What is being asked: Every line below from the one with "企查查APP显示,近日,宁波" through the one with "Нидерландские колонии - Суринам" is to be repeated exactly, with no picture among them.

____ Record set

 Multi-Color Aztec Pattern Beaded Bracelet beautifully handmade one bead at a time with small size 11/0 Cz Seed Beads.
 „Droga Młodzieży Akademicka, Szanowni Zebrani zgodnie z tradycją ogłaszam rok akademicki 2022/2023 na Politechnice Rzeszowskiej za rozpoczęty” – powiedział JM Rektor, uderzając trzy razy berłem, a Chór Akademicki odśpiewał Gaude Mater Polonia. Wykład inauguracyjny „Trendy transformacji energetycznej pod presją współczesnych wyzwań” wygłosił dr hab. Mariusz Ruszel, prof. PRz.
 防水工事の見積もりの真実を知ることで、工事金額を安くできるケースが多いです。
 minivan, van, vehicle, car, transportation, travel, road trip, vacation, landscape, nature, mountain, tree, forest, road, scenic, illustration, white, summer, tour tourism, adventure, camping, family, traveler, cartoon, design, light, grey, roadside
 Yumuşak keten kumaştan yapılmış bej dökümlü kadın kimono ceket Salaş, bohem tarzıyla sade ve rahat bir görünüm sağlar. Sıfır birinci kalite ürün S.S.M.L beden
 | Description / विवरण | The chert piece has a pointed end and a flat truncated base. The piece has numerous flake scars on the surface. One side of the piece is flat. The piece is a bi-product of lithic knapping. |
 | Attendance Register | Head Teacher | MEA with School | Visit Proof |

________
____ Record set

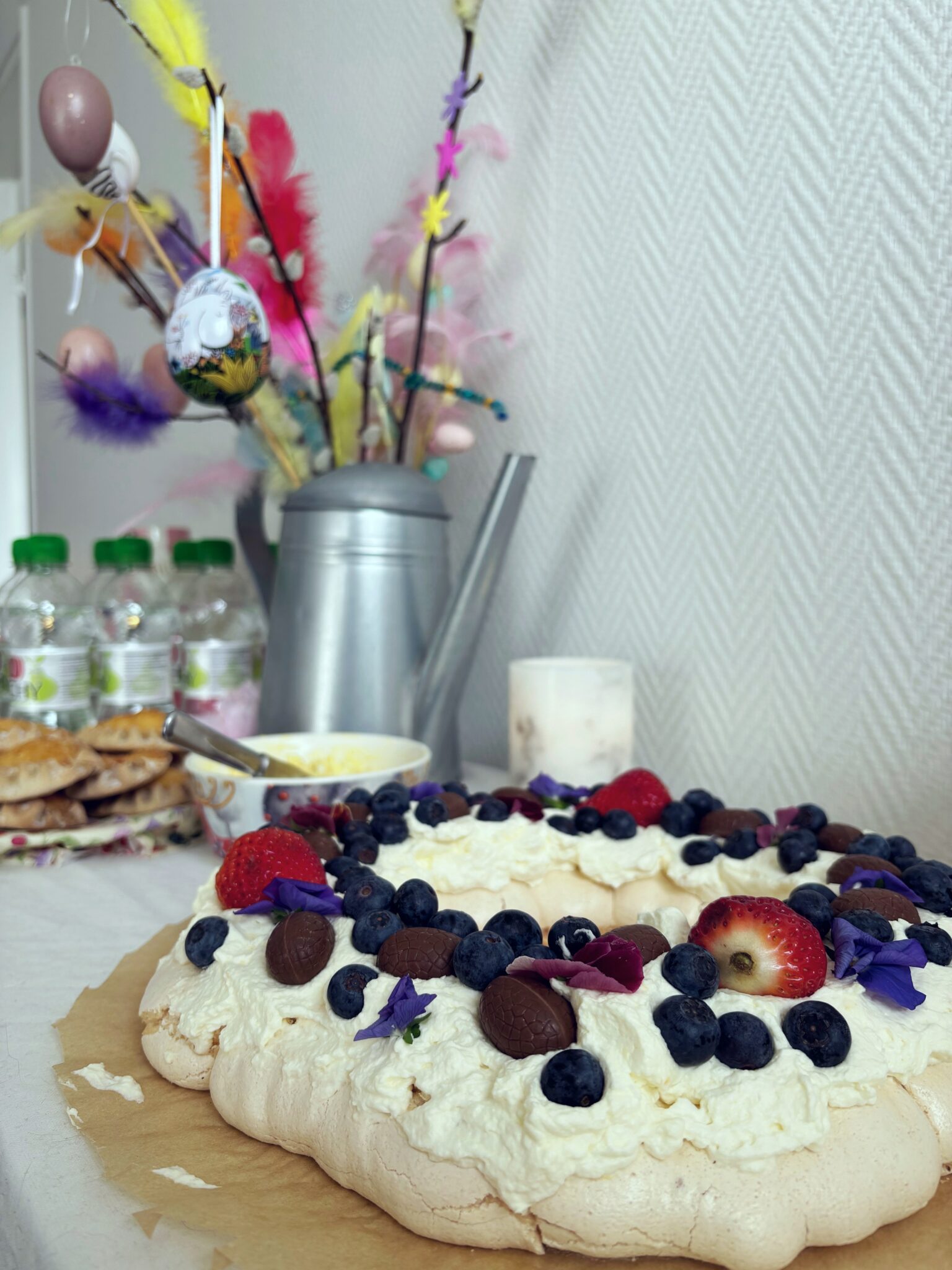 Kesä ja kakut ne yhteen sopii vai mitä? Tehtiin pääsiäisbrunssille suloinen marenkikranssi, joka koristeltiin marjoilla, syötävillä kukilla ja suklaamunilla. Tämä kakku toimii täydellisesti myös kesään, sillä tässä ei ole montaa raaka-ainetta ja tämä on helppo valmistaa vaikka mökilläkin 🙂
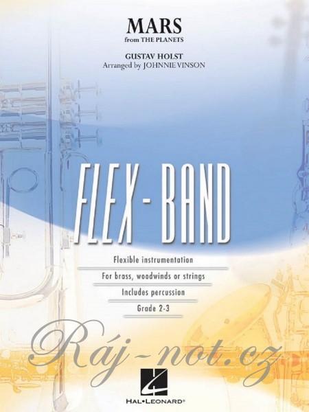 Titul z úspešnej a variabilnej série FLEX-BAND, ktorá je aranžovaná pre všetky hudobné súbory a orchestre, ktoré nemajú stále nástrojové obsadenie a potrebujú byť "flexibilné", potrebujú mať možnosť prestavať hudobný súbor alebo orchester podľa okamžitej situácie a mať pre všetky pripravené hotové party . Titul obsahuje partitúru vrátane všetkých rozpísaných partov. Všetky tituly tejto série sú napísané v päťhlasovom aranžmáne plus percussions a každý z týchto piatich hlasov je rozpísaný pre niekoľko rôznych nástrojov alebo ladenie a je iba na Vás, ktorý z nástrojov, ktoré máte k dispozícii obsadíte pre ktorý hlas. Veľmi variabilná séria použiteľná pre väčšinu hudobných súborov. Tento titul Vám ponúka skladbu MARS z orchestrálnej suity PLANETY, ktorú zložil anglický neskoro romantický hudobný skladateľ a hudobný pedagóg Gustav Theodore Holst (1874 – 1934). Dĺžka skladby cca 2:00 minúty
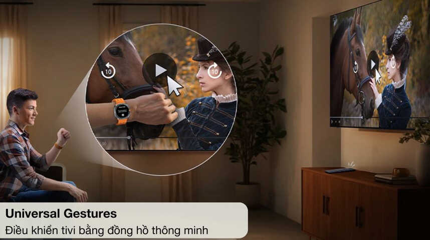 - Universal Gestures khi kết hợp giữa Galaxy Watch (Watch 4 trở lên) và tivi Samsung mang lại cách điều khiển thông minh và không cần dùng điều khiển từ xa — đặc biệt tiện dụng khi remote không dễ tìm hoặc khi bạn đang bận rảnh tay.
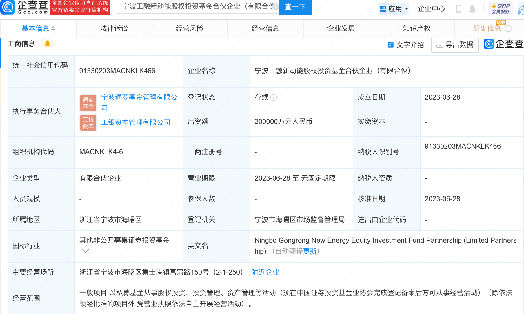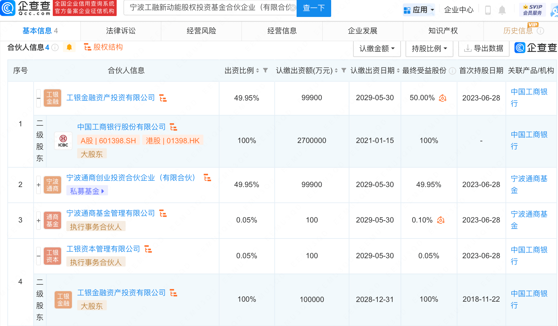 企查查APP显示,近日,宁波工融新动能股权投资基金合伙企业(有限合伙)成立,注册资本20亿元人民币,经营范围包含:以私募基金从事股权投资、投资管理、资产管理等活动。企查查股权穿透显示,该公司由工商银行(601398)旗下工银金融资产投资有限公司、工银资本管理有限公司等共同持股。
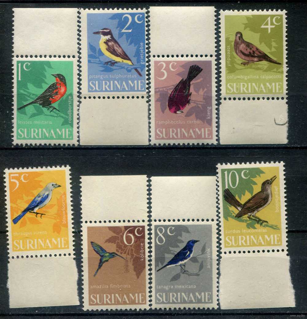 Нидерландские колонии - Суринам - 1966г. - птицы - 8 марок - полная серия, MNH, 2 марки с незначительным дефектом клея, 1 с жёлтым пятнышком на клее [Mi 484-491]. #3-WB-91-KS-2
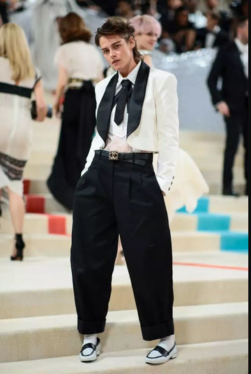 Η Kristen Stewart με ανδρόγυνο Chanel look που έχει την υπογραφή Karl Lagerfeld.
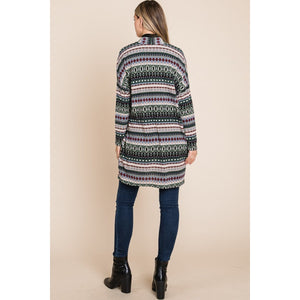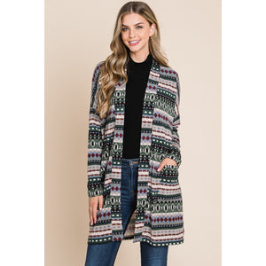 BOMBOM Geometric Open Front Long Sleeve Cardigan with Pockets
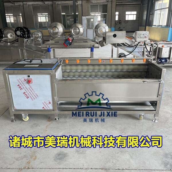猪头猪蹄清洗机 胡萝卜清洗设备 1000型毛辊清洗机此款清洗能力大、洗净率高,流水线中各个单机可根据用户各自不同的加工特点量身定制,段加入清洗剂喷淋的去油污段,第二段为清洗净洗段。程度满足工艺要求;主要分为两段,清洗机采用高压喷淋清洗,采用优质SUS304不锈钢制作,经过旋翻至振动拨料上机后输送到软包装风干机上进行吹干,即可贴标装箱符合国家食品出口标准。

________
____ Record set

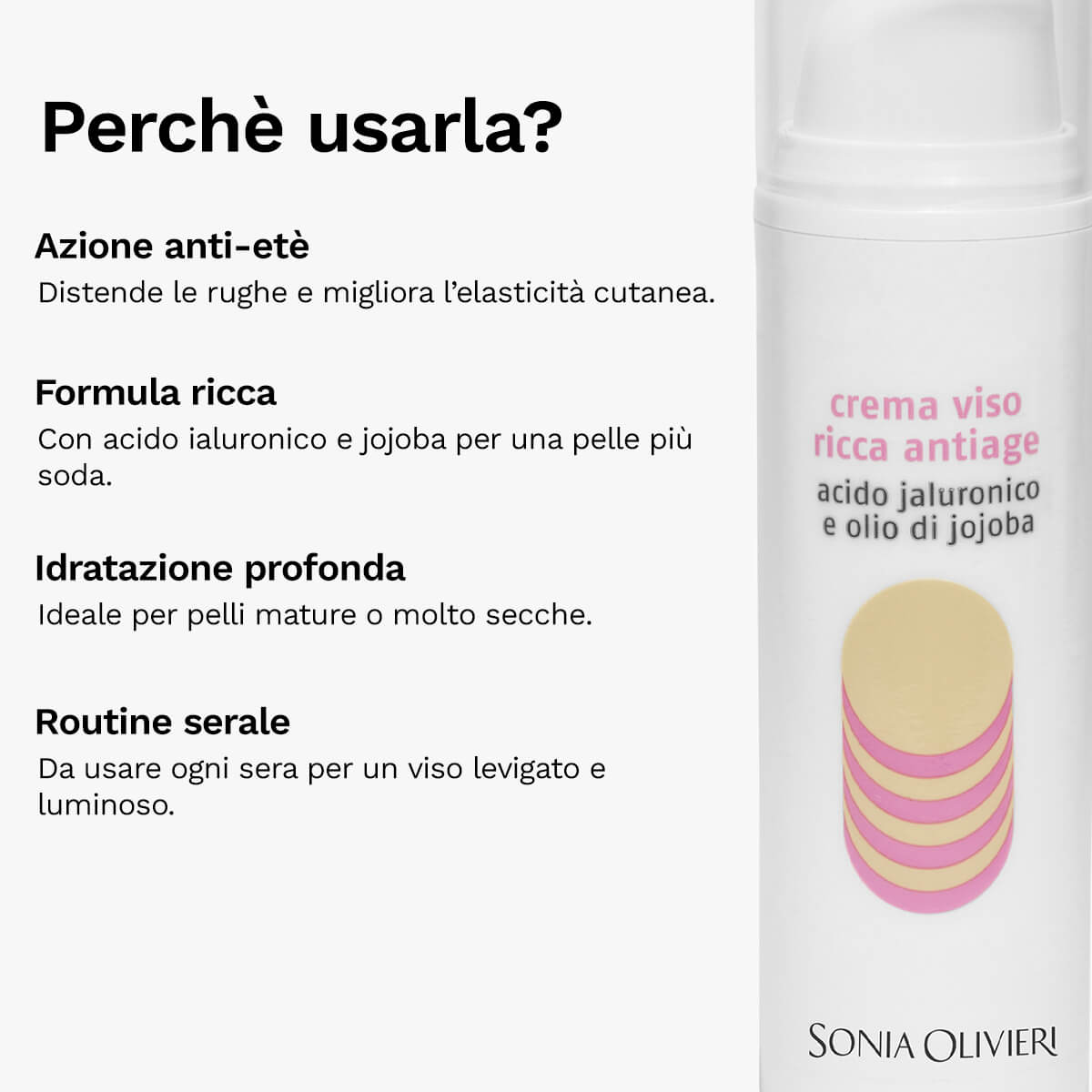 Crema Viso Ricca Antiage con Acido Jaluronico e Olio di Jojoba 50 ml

________

Solution to this exercise:
 企查查APP显示,近日,宁波工融新动能股权投资基金合伙企业(有限合伙)成立,注册资本20亿元人民币,经营范围包含:以私募基金从事股权投资、投资管理、资产管理等活动。企查查股权穿透显示,该公司由工商银行(601398)旗下工银金融资产投资有限公司、工银资本管理有限公司等共同持股。
 Нидерландские колонии - Суринам - 1966г. - птицы - 8 марок - полная серия, MNH, 2 марки с незначительным дефектом клея, 1 с жёлтым пятнышком на клее [Mi 484-491]. #3-WB-91-KS-2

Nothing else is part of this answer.